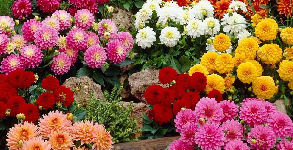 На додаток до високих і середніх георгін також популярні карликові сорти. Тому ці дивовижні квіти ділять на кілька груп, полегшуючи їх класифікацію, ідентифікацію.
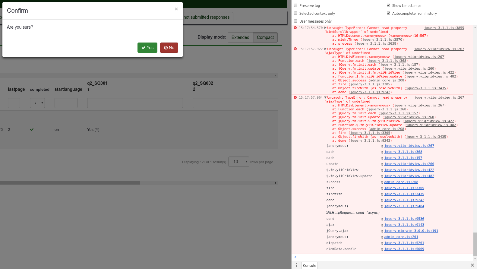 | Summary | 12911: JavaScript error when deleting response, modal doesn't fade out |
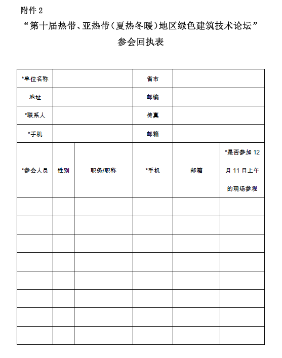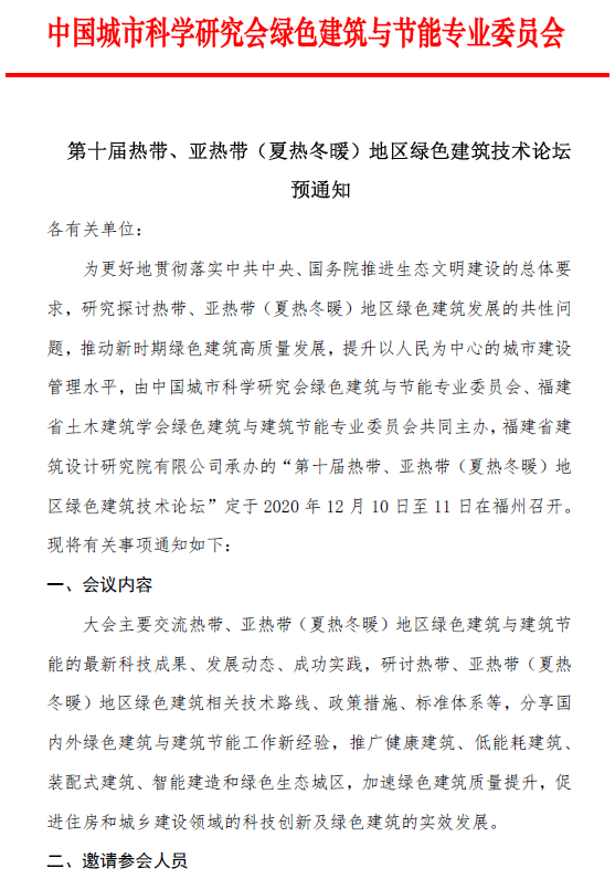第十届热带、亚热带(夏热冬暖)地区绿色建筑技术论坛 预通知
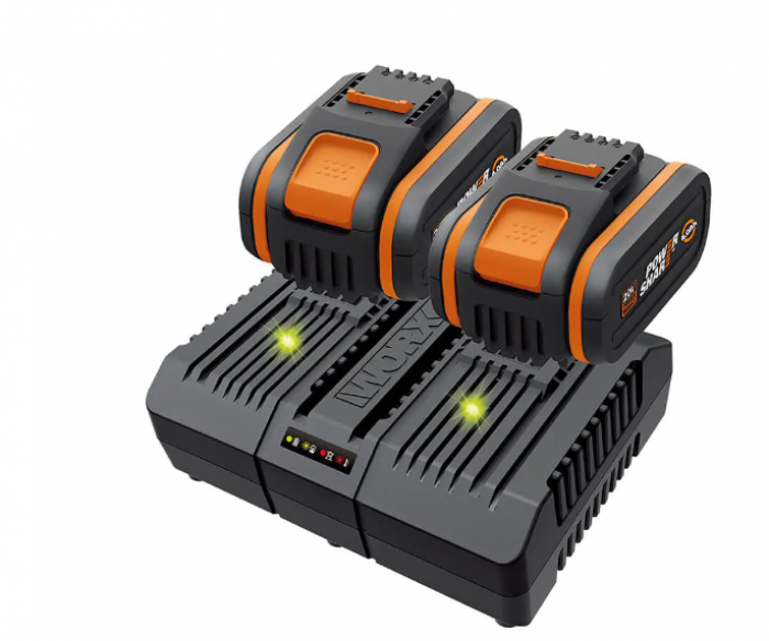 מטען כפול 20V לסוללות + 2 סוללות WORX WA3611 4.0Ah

* * * * * * * * *

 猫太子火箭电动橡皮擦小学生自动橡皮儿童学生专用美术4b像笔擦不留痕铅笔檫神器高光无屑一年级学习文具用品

* * * * * * * * *

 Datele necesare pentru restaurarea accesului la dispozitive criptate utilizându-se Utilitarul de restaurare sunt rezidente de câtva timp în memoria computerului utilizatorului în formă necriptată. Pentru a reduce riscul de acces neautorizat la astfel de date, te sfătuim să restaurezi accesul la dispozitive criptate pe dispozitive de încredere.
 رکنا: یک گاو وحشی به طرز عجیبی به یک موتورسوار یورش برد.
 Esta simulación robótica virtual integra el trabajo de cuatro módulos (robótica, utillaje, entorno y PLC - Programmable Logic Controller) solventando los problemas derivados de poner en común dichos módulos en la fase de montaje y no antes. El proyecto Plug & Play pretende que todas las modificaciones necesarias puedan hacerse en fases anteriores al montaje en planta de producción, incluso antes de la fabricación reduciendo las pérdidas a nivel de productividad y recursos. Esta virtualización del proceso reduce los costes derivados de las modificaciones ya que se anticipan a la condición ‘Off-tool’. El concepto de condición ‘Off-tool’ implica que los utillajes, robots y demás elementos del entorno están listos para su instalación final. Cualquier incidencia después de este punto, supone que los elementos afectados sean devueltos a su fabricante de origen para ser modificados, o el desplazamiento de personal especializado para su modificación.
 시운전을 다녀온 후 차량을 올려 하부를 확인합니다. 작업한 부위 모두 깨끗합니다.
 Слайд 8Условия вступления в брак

* * * * * * * * *

WHAT IS NEEDED:
Using the data above, return the lines from the one holding "На додаток до" through the one holding "מטען כפול 20V" exactly, but not the pictures.

TASK RESPONSE:
 На додаток до високих і середніх георгін також популярні карликові сорти. Тому ці дивовижні квіти ділять на кілька груп, полегшуючи їх класифікацію, ідентифікацію.
 | Summary | 12911: JavaScript error when deleting response, modal doesn't fade out |
第十届热带、亚热带(夏热冬暖)地区绿色建筑技术论坛 预通知
 מטען כפול 20V לסוללות + 2 סוללות WORX WA3611 4.0Ah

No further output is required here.